There was a flurry on the porch. The Coghill girls had been disturbed, and now they disdainfully took notice. Johnny Pendleton glanced over his shoulder. His chest expanded righteously and he strolled to the edge of the Coghill yard, snarling and ogling me.
“What are you looking at, Witcher?”
The alligator grinned sardonically from his pumped-up pectoral, well informed of my social inferiority.
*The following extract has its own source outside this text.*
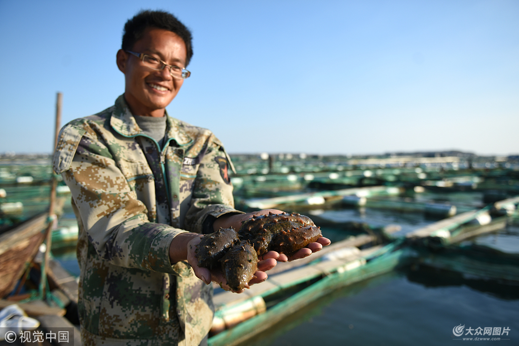 2018年11月1日,山東省榮成市石島管理區石島灣海域深海養殖區,海參養殖戶在捕撈海參,并給網箱養殖的海參換網。
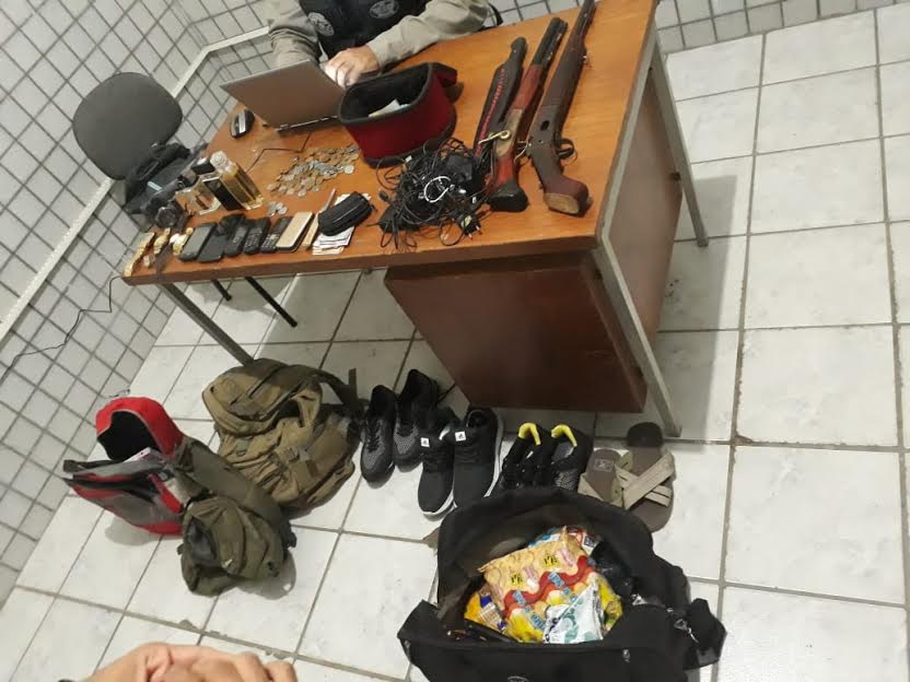 Com os acusados, de 18, 16 e 15 anos, a PM apreendeu duas armas de fogo e recuperou celulares, dinheiro, relógios, mochilas, tênis, sandálias, acessórios de maquiagens, caixas de sabonete, lanterna e até duas conchas de cozinha – todos produtos dos roubos praticados pelo trio na noite dessa sexta-feira.

Pendleton was on the high school wrestling team and could easily have manhandled me. Nevertheless, legends about my brother's eye-gouging and nut-squeezing tended to keep the older kids at bay. It was well known that Stan would spend his might and his vengeance upon anyone over fourteen who dared to molest me (and indeed, I had once or twice protected the identities of malevolents who'd crossed me, without their even knowing I'd spared their lives). There was, at any rate, little reason to worry about the Pendleton menace with Stan behind me.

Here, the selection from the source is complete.